++++ DATA RECORDS ++++
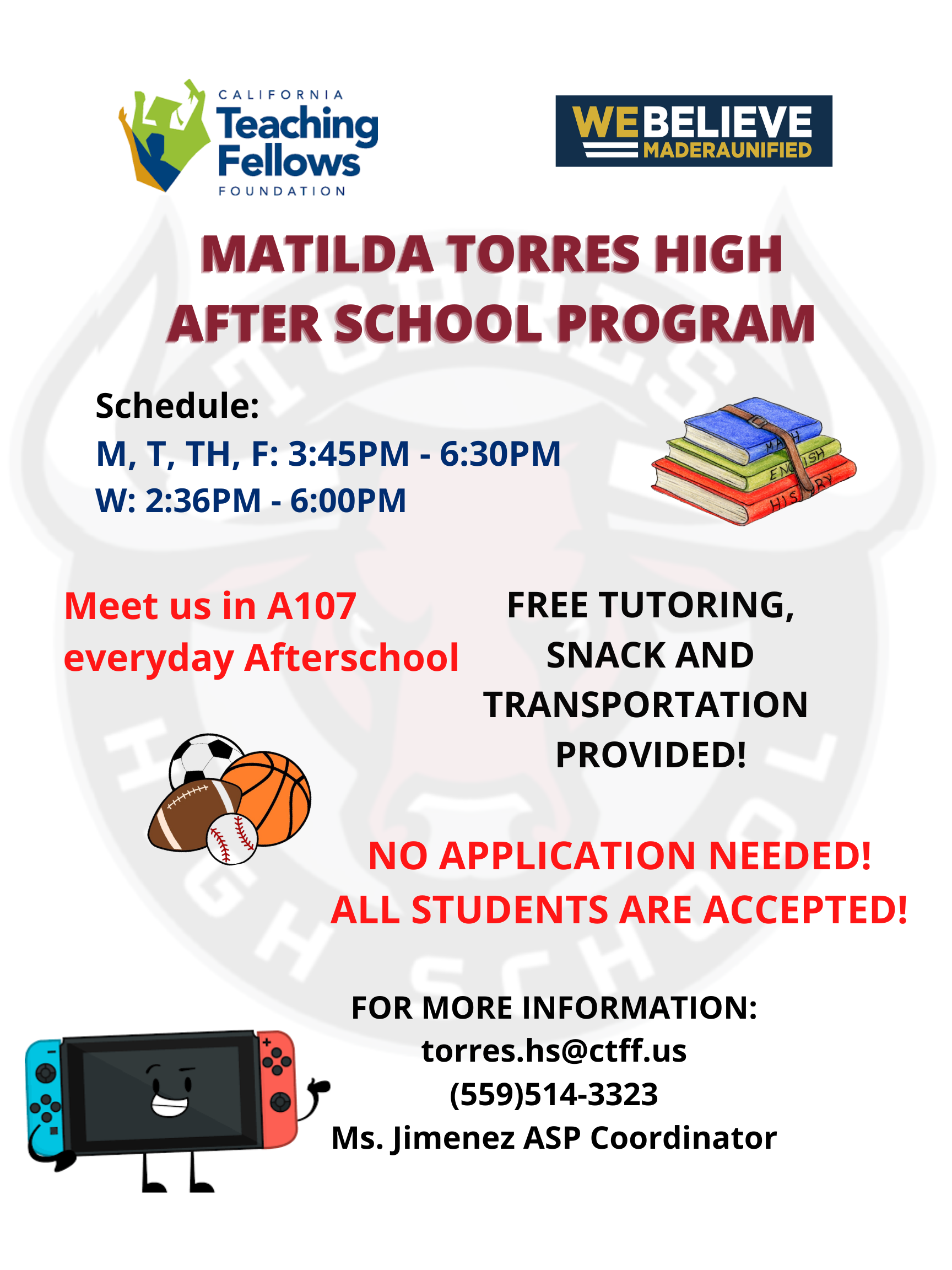 Monday, Tuesday, Thursday & Friday3:45 PM – 6:30 PM
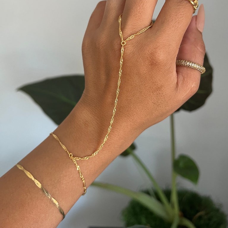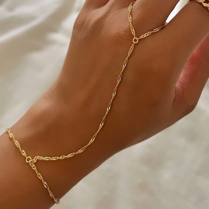 This 18K GP Singapore Ring Bracelet is a refined hand-chain design crafted for women who love dainty, elegant jewelry with a contemporary twist. Made from premium brass and finished with a luminous 18K gold plating, the bracelet connects gracefully from finger to wrist with a beautifully twisted Singapore-style chain. Handmade by skilled artisans, it offers a lightweight, feminine accessory that brings subtle glamour to everyday and special-occasion looks.
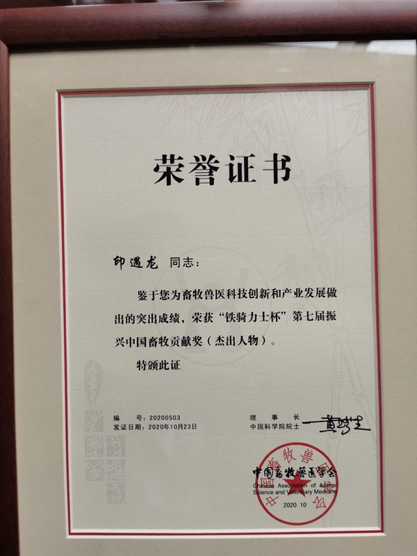 印遇龙获奖证书
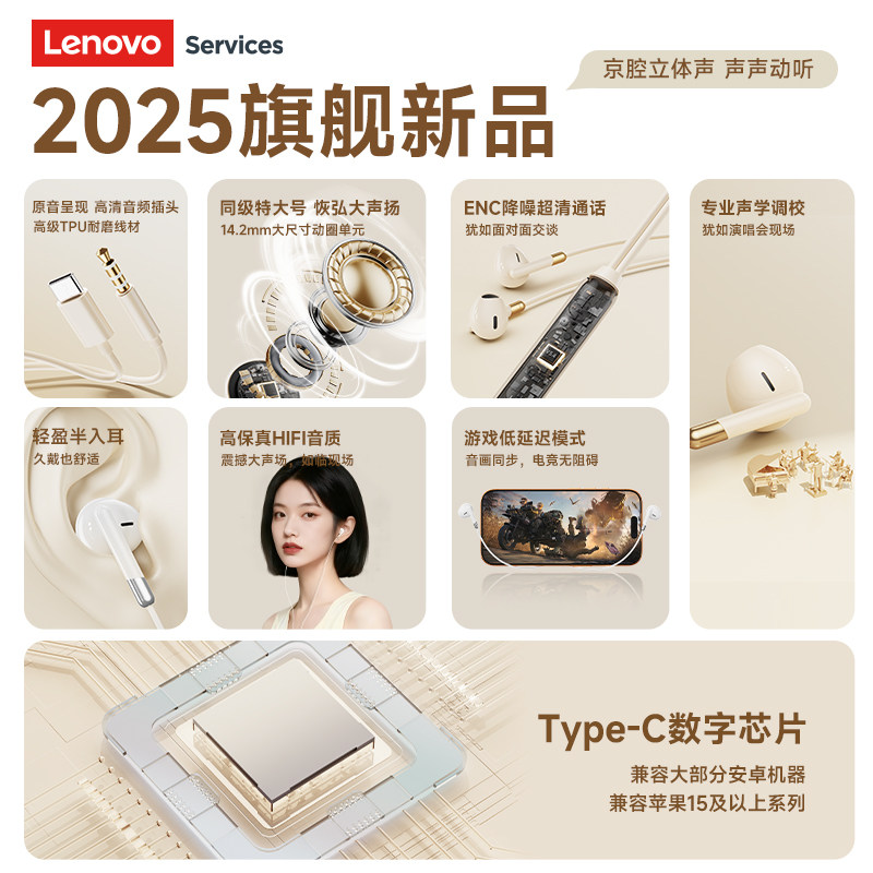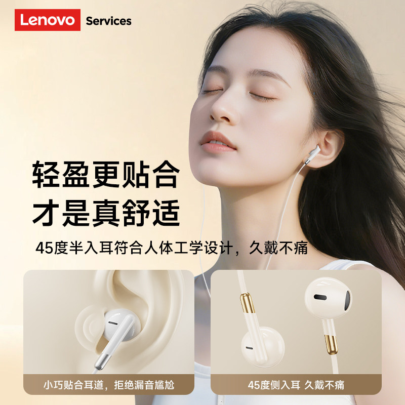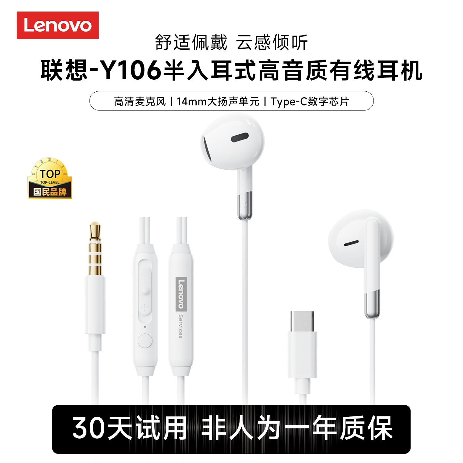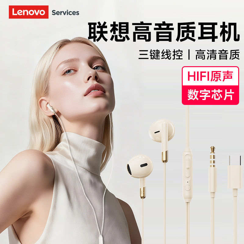 联想耳机有线3.5mm圆头typec接口半入耳高音质适用手机电脑笔记本
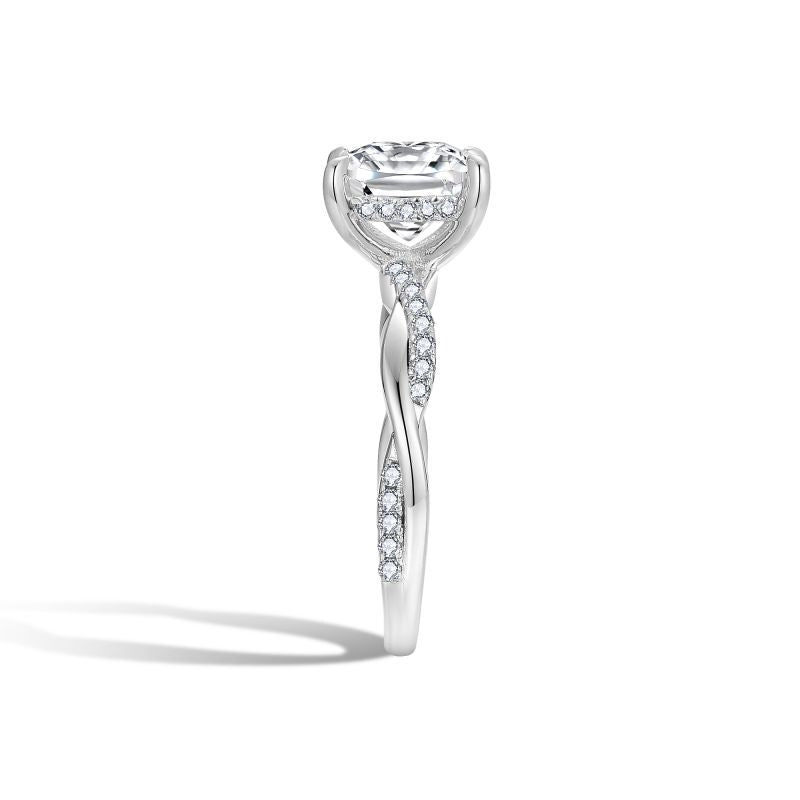 • Brilliant 2-Carat Moissanite Center Stone: Lab-created synthetic carbon silicon carbide (moissanite) with D–E color grade — near-colorless and exceptionally bright.
++++
Reproduce each entry precisely; the pictures stay out.

 Monday, Tuesday, Thursday & Friday3:45 PM – 6:30 PM
 This 18K GP Singapore Ring Bracelet is a refined hand-chain design crafted for women who love dainty, elegant jewelry with a contemporary twist. Made from premium brass and finished with a luminous 18K gold plating, the bracelet connects gracefully from finger to wrist with a beautifully twisted Singapore-style chain. Handmade by skilled artisans, it offers a lightweight, feminine accessory that brings subtle glamour to everyday and special-occasion looks.
 印遇龙获奖证书
 联想耳机有线3.5mm圆头typec接口半入耳高音质适用手机电脑笔记本
 • Brilliant 2-Carat Moissanite Center Stone: Lab-created synthetic carbon silicon carbide (moissanite) with D–E color grade — near-colorless and exceptionally bright.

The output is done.